His eyes widened, then narrowed back down. “Certainly! I’m hardly asexual, Cordelia!”
“I didn’t suggest that! You have to be one of the least asexual people I’ve ever met. Much to the puzzlement, I have no doubt, of those who have flung themselves so futilely at you over the years, poor sods. And odds.” Definitely both odds and sods. “But I was thinking, rather—as opposed to just triaging people trying to seduce you?”
His mouth opened indignantly. Then closed. Then pressed closed. Then opened a cautious mite to murmur, “That’s…an alternate view. I suppose it might, ah—did it look like that to you?”
“I saw one success, many misfires, and for the rest of the time, you were out of range on your trade-fleet convoy tours. Where I gather you were not needlessly monogamous?”
“Uh, no, but…I don’t think I’m picky, but there were also many work considerations. Especially after I acquired my captaincy.”
He would have been very conscientious about those, likely. And the shifting fleet duty did not lend itself to anything long term. “So—what is it that you’d like to have?”
He sat back and crossed his own arms. And rather bit out: “Vorkosigans. Apparently. Although it seems too narrow a taste to be evolutionarily likely.”
She sighed. I miss Aral bitterly, too. “Can’t fault you for that one. But what is it you would like that you can have? Or can you say?”
“I seem surprisingly unable to articulate it, today.”
She waved a hand. “Well, then, let’s try tackling the problem from the other end for a bit. Try imagining your ideal partner. Or fling, even. A fellow, I presume? Age, physical type, emotional style, anything? Name, rank, serial number…? I mean—this could be mission-critical information, you know.”
He was beginning to be balefully amused by her, judging by the expression on his face, but he just shook his head as if in disbelief. Although he added, “You know…after Aral, I did think it was men, but I’d had girlfriends before that. Not many, but there were one or two I’d imagined might be my end-game. Other things happened instead. And then there was that herm. Remarkable person in its own right, Captain Thorne, but do you know—the best thing about that fling was that for one whole week, I could stop worrying about my damned categories.” He blinked and frowned, as if this were a sudden new realization.
“Do you think you’re really bi, then?

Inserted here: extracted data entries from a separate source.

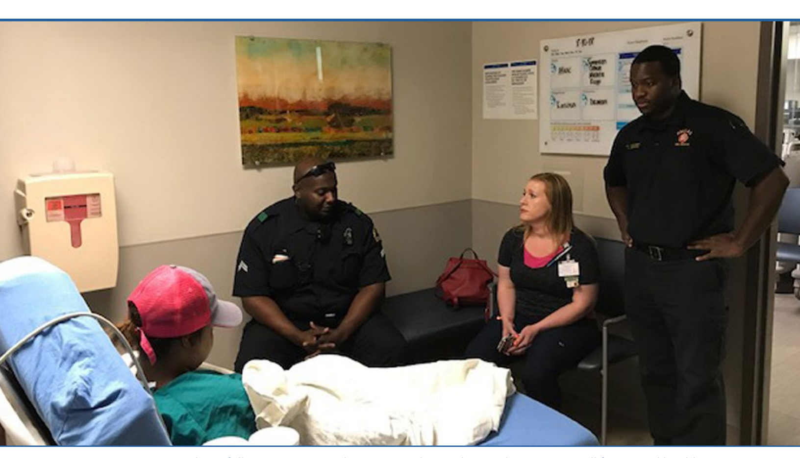
RIGHT Care Team conducts follow up care to a client serviced a week prior during a 911 call for mental health crisis.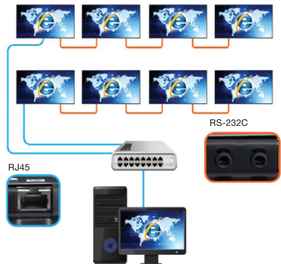
Figure 4. Samsung ME75C LED displays enable RJ45 and RS-232 connectivity simultaneously.

Samsung ME75C LED displays offer powerful connectivity, even when working with RJ45 and RS-232 connections. Competitor displays can operate only an RJ45 or RS-232 connection. With the Samsung line of LED displays, both network connections can be used simultaneously. Using a DP 1.2 loop out, a single display image can be shared with nearby displays. This feature eliminates the need to purchase separate video signal distributors for each display, further reducing equipment costs.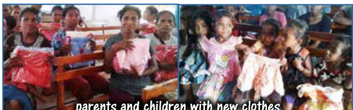
parents and children with new clothes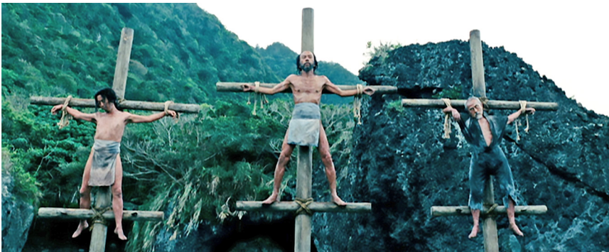
Figure 9.2 On the way to Paradise: the Tomogi martyrs in Silence .

The execution scene takes place near the caves where the priests first sought shelter when they arrived in Japan. It was the site of their landing when they supposedly brought hope and salvation – but it has now become a place of death. There are three crosses in a Calvary tableau with Mokichi in the middle. (Figure 9.2) It is believed that St Peter felt that he was not worthy to be killed in the same manner as Jesus and asked to be crucified upside down. In Silence , it gradually becomes clear that there is another dimension to the punishment, as the crosses are by the ocean, so that the incoming tide adds to the pain of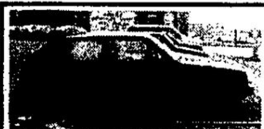
85 VW GOLF 2 Dr., 5 Speed, Navy Blue, Complementary Cloth Interior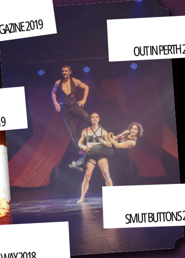
OUT IN PERTH 2019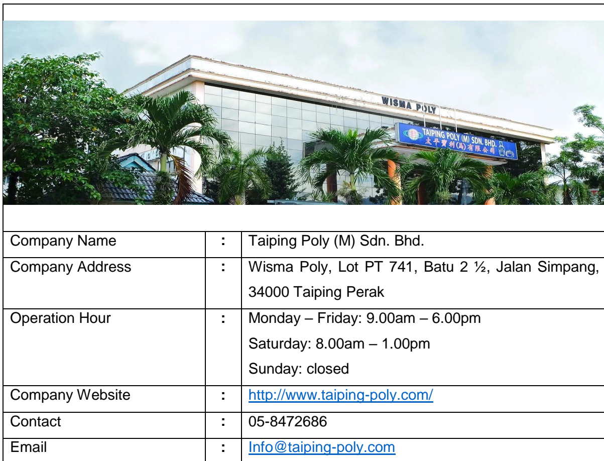
Table 1: Taiping Poly Company Information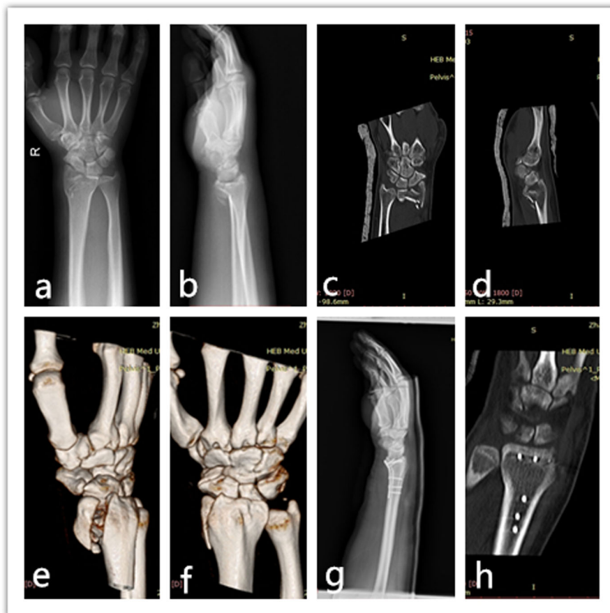
Fig. 1 Patient, male, 39 years old, suffered from motor collision accident and sustained fracture in his left wrist. The preoperative radiographs (a, b) and CT scanning (c–e) showed the fracture of lunate facet with slight subsidence; and the fracture line extended to metaphysis. He underwent external fixation treatment (f–h) and the CT scanning showed the favorable wrist joint congruence

For the die-punch fracture with slightly impacted fragments, continuous slight traction was performed to achieve and maintain the reduction under fluoroscopic guidance. Then, the external fixator (Stryker Trauma Corporation, Swiss) was directly fixed on the radius and the second or third metacarpal bone, with 4-mm Schanz pins and 3-mm pins applied respectively (Fig. 2). For fractures that were unsatisfactorily reduced or with the significant articular surface collapse or significant displacement of the larger fragment, a small incision was made at the volar side of the distal radius and the periosteum elevator was introduced to elevate the collapsed fragments. In cases of bone defect or seriously impacted fragments, allograft or allograft bone was implanted. After confirmation of the reduction under the fluoroscopic control, additional K wires were inserted for auxiliary fixation, if needed. All ulnar styloid fractures were not treated specially.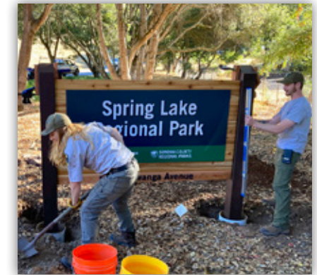
A Regional Parks crew installs a new sign at Spring Lake Regional Park.

As part of its 50th anniversary celebrations, Spring Lake Regional Park was selected to be one of the first parks to roll out these new designs. In addition to the entrance signs, new signage will be installed throughout the park by the end of 2023.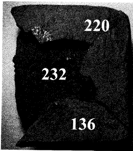
Join of a tablet (Kt 93/k 232) and two pieces of its envelope (Kt 93(k 136 + 220))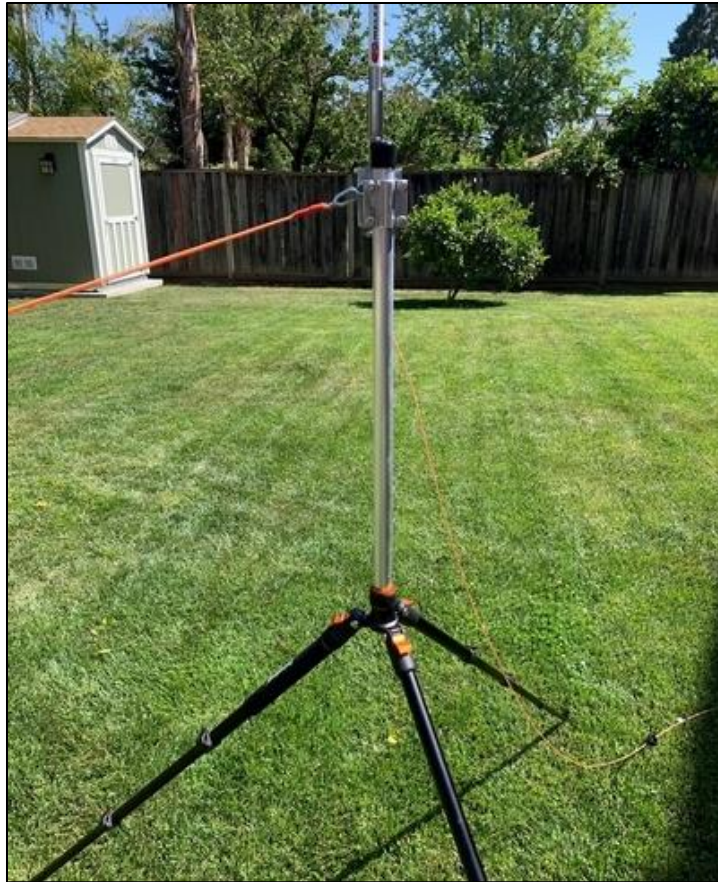
Figures 5-6: Antenna deployment showing system configuration with radial clips.

Like Aral?”
“I…it would make more sense than a kink for herms. It’s not as if I went out looking for more, after that.”
She tried another tack. “So…who was your first crush?”
This surprised a bark of laughter from him. “My what?”
“You mentioned kinks. Most people who have them, I mean really have them hardwired into their psyches, not just mild preferences, can identify their roots way back before puberty.”
He made a hair-clutching gesture, though he was still laughing. “Oh, God. This is turning into another one of those Betan conversations, isn’t it? Although I have to say, the herm was not so bad, as Betans went. Had the most endless fund of bizarre questions about Barrayar and Barrayarans, though.”
“But I want to help you, Oliver! If I can,” she amended. She couldn’t help adding aside, “Although I really want to hear more about that herm, sometime.”
“You just like salacious gossip.”
She smiled sunnily at being so profoundly understood. “Yes, but there are so very few people I can have it with.”
“I see.” He swallowed his tilted grin, and more tea.
“First crush,” she reminded him firmly.
“Aren’t there dogs with grips on a subject like this? Terriers, wasn’t it? What makes you think a man can even remember back that”—a slight hitch in his breath, a sudden weird look crossing his face—“far…”
“Do tell,” she prodded, settling back and preparing to be entertained.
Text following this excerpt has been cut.